Why the Common Core {Series}


We know that opinions and experiences with Common Core vary widely.  In this series, our contributor is sharing his thoughts on Common Core.  Please note that his opinions and thoughts do not necessarily reflect Cincinnati Moms Blog’s opinions as a whole.  We welcome productive and respectful conversation from our readers on this subject in both the comments section below as well as on our Facebook page.

WhyCC3In the previous entry of these series, I tried to explain what the Common Core standards are.  Everybody is talking about them, a lot of people are complaining, and a lot of people are getting it wrong.  It is important to remember that The Common Core Standards are simply state adopted guidelines outlining what teachers should be teaching, and what students should be learning.

So I am sure some of you are wondering why we need these new Common Core standards, when every state already had their own?

While there is no end to the reasons that led state representatives and education professionals to develop the Common Core standards, I think there are three reasons that speak the loudest.

First, something needed to be done because the state of education in the United States is on the decline.  We’ve all seen the charts and graphs that show where the United States stands when compared with the learning rate of other countries.  What they show is that the United States is starting to fall behind.

Obviously, if we want to stay competitive as a country, we need to revamp and revitalize our education system.  The old standards are not doing enough to get American kids prepared to be competitive on a global scale, which should help ensure the security of the American economy in the future.  By introducing new standards that push students to do and achieve more, the goal is to raise our ranking and provide a better quality education when compared with the rest of the world.

Second, all states are not created equal.  We assume that since education is public the quality of that education is fairly consistent.  The truth can’t be further from the truth.  Of the 50 states, Ohio is ranked right at the middle in terms of quality, but states like Massachusetts and Minnesota are blowing us out of the water.  At the same time, schools in Mississippi and West Virginia are considered to be among the worst in the country.  If interested, you can read more about that here.

When state governors and their consortium of education professionals sat down to develop the common core, the idea was close the gaps between states.  If each state adopts the Common Core, there is a sense of consistency that comes with it.  Also, if every state is using the same standards, resources and materials become more universal, which allows for the sharing of ideas that work, and the discarding of those that don’t.  The hope is that the gap between states and the quality of their education will close a bit, though it will take awhile before we see results.

Finally, a third reason why the Common Core was created is because the former standards haven’t been keeping up with the times.  Consider this, a majority of the Ohio State Standards focus on a student’s ability to identify and recognize concepts and ideas.  A student who can memorize facts and identify key concepts can typically score really well on the previous state tests.  As a child in elementary school in the 1980s and 1990s, these skills were essential.  You needed to be able to remember a lot of things, and then recognize the concepts when they appeared.
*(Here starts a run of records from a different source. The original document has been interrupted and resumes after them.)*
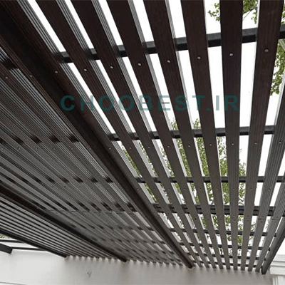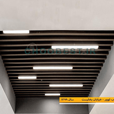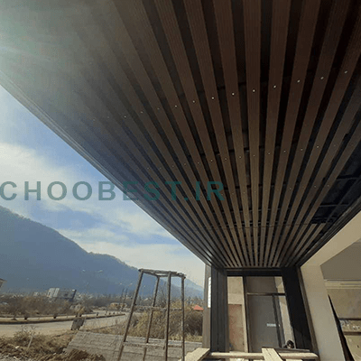 سقف لوور چوب پلاست با شاسی کشی فلزی روی سقف موجود و بصورت کاذب اجرا میگردد. نحوه اتصال پروفیل چوب پلاست به اهن زیرسازی با ناودانی الومینیومی می باشد. این نوع سقف مناسب محیط های اداری ، تجاری ، استخر ، محیط های مرطوب (با تهویه مناسب) می باشد .
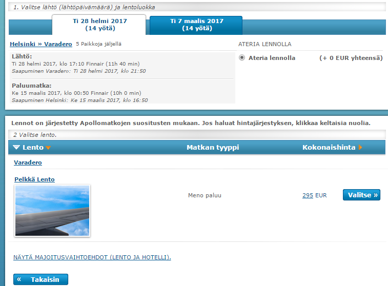 Hetkel on saadaval Apollomatkate poolt korraldatud soodne viimase hetke lennupakkumine Helsingist Varaderosse 295 euro eest.
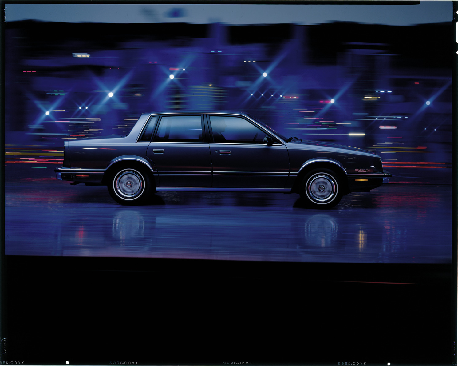 View of a 1982 Chevrolet Celebrity sedan. Label on sleeve: "General Motors, Chevrolet Celebrity, 1982."
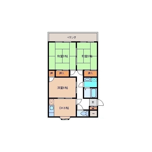 | 間取 | 3DK ( DK 6帖 / 和 8帖 / 和 6帖 / 洋 6帖 ) |
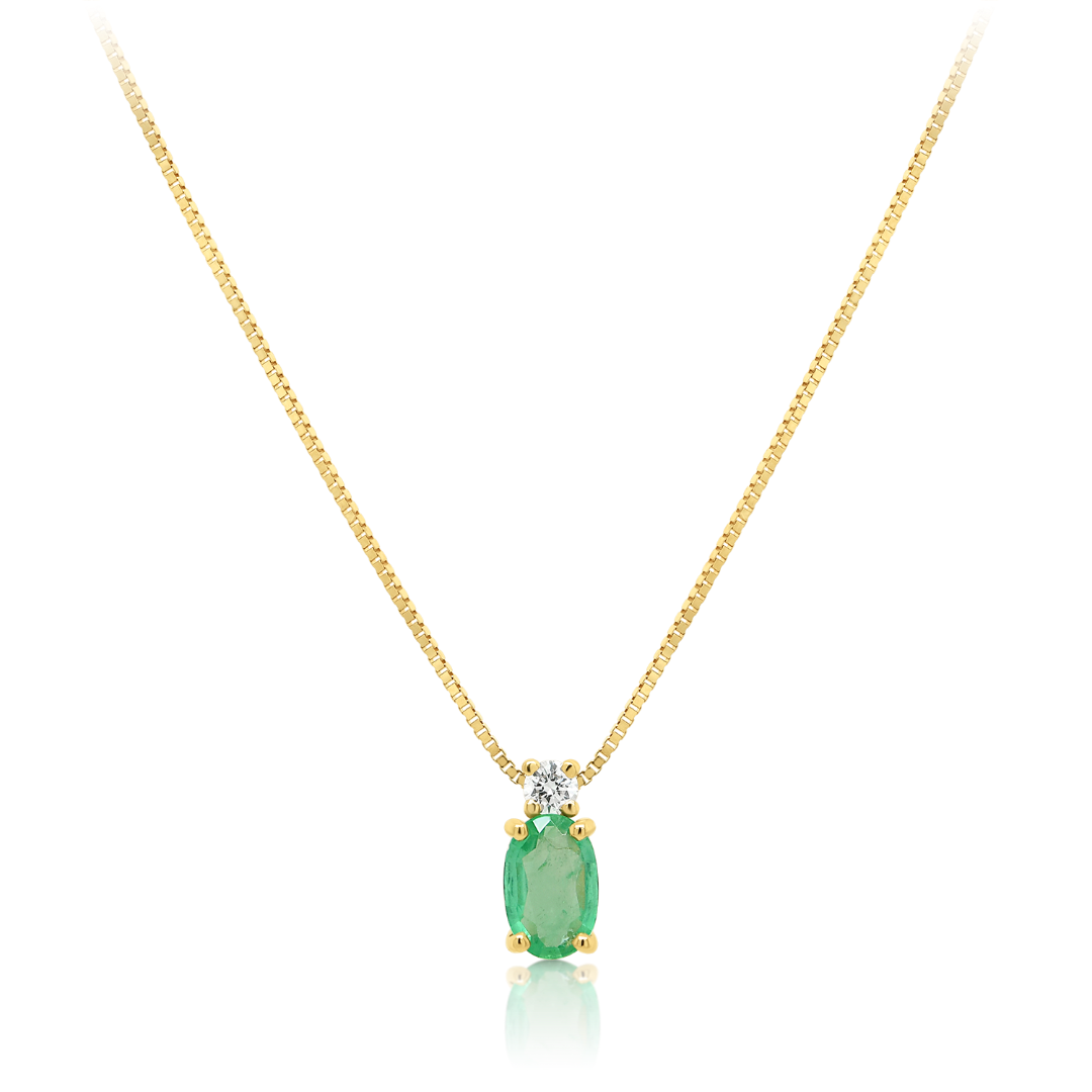 Lanț din aur galben de 18K și pandantiv cu Smarald și Diamant natural
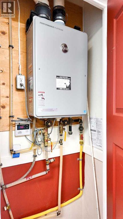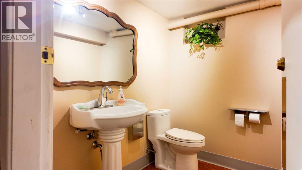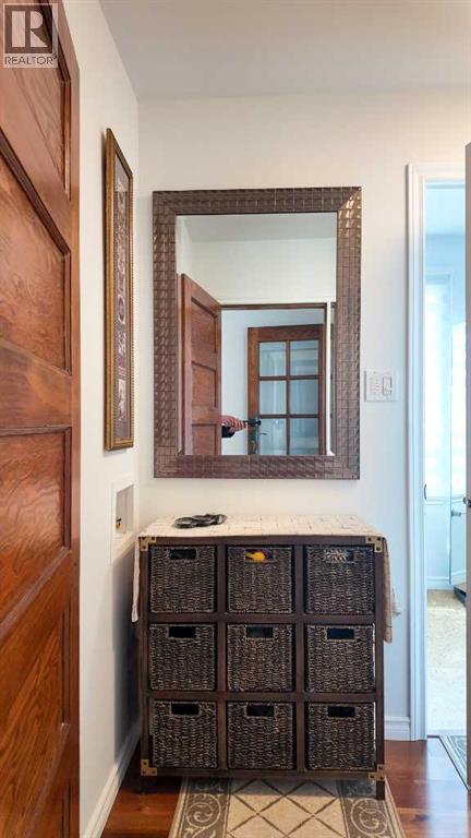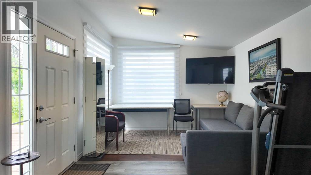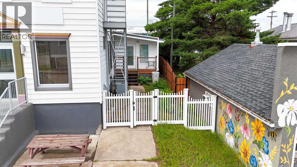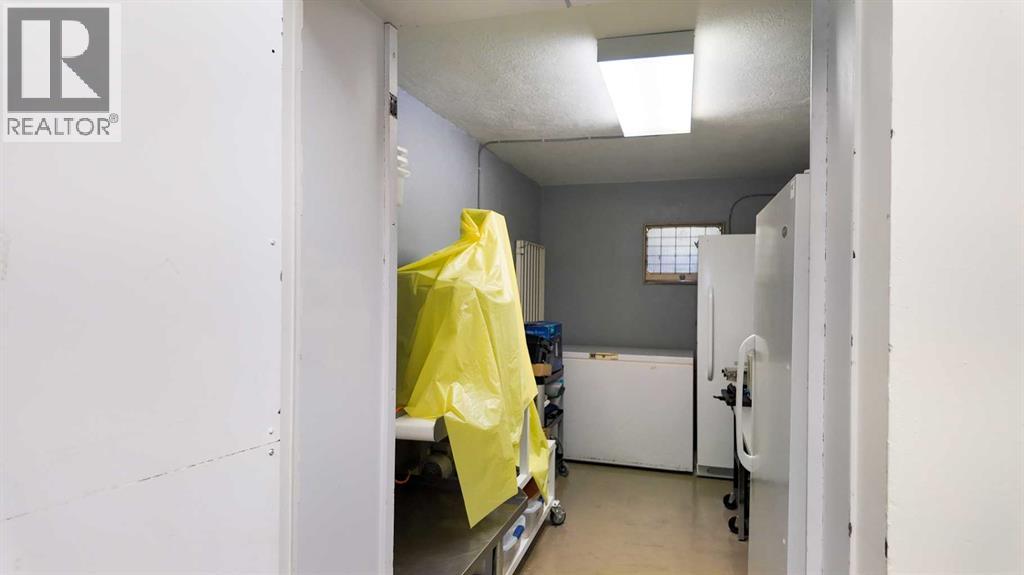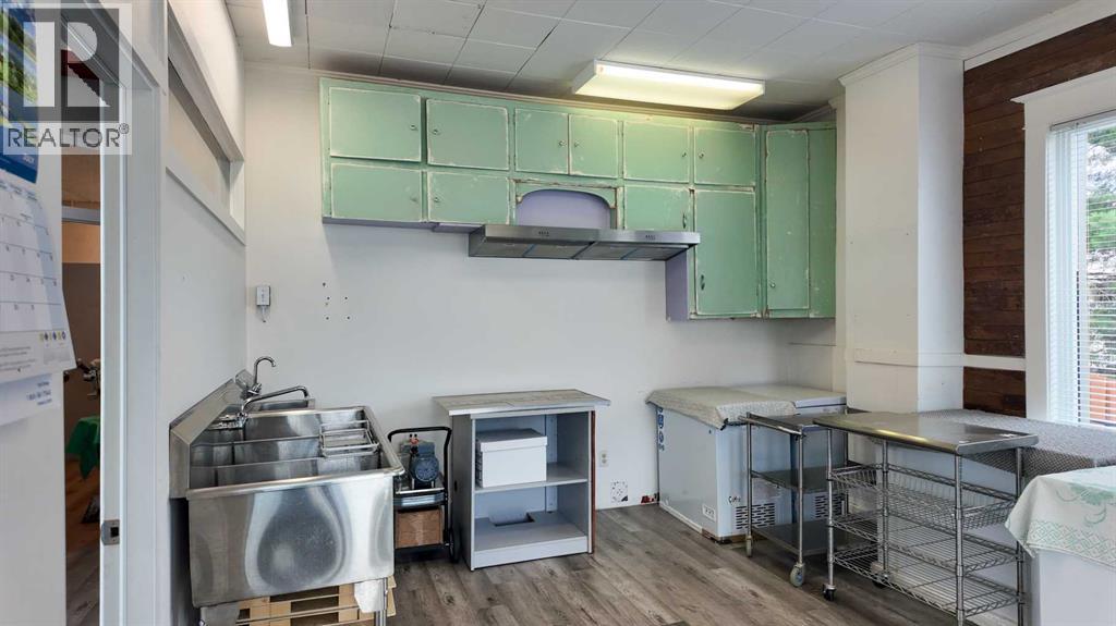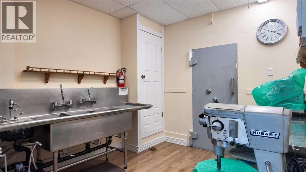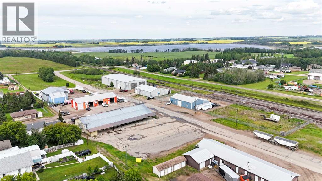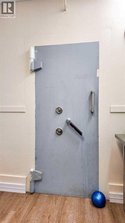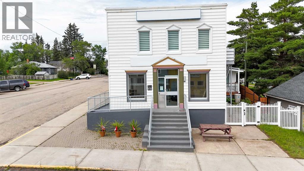 A rare opportunity to own a truly unique live-where-you-work property in the heart of Delburne. This well-maintained two-storey building sits on two full lots and offers a versatile mix of commercial and residential space, perfectly suited for a variety of uses. Originally built as a Bank of Montreal branch, the property retains its solid construction, full concrete basement, and even the original operational bank vault, while benefiting from extensive modern upgrades throughout. Ideally situated on Main Street, next to the Village office, Medical Centre, pharmacy, and other core amenities, the location offers exceptional visibility and convenience. Free parking is available at the front and rear of the property for both clients and guests. The main floor offers approximately 1,231 square feet of air-conditioned commercial space, featuring a flexible layout that includes a front office, multifunctional rooms, two former certified commercial kitchens, retail areas, and the secure vault. With three separate entry points , commercial grade laminate flooring— including an accessible front entrance with ramp, a backyard entry, and a private entrance to the residential quarters — the layout lends itself perfectly to retail, professional services, hospitality, or other business ventures. The full basement provides even more usable space, including laundry facilities, a half washroom, finished rooms, and a secure, lockable concrete storage area ideal for inventory or records. The upper level is fully renovated to the studs with a contemporary finish and a smart layout. On this floor there is engineered flooring with hardwood on the stair runs. Here you’ll find two bright bedrooms, an office/den, plus a beautifully finished full bathroom with onyx tiles and cork flooring, rough-in for laundry, and two walk-in closets. The updated kitchen is open to a spacious dining area, which flows to the large living room featuring a sunny balcony with exterior stairs. Tilt-and-tu rn windows throughout the upper level flood the space with natural light. Outside, a big deck connects to a sunroom/veranda overlooking the fully fenced backyard with fruit trees, garden plots, and ample off-street parking. The oversized detached garage is finished on the exterior with wood siding and includes a workbench, shelving, and room for a large vehicle with direct access to the street. The main building exterior is finished with vinyl siding. With modernized electrical, plumbing, windows, and 200-amp service already completed, this property combines peace of mind with endless flexibility. Live on site, operate your business. — the possibilities are truly exceptional. Where else can you live in such history, with impressive updates, and at this price, come view this today!! Plus, to make it even more attractive, seller is willing to provide seller financing on the right deal. (id:51989)

Memorization was a key component, because there was never any guarantee that you would have that information on hand, if you didn’t have it in your head.

Yet, with this being the information age and all, it’s an entirely different story.  A kid no longer has to remember that the Norman Invasion of 1066 had a huge impact on take the English language away from its Germanic roots and more to what we know and speak today, because should the need for that information arise, you can do a Google search or find it on your phone.  Now that we are living in the information age, there is no limits to the information at our finger tips.  As a result, the ability to memorize becomes less important.  Instead, what students these days need to learn is how to understand and make use of all of this information at our finger tips.  So in reading, instead of just finding the answer to the question from the story, students need to be able to locate and use evidence to support their answers and ideas.  Texts aren’t places we memorize information from, but a tool for supporting arguments and ideas.  Students are being asked to go deeper into concepts and do more than just recognize.  The ability to apply information to real world situations, and explain concepts to others is now the focus when before, being able to remember facts and details were sufficient.

It will take a few years before we know for certain if the Common Core Standards are able to do what we hoped they would be able to do.  That being said, the thought that went into planning them is coming from the right place.  While the new standards are bringing new challenges and complications to the lives of teachers, parents, and students, there is actual thought that has gone into the decision making process and led us to this point.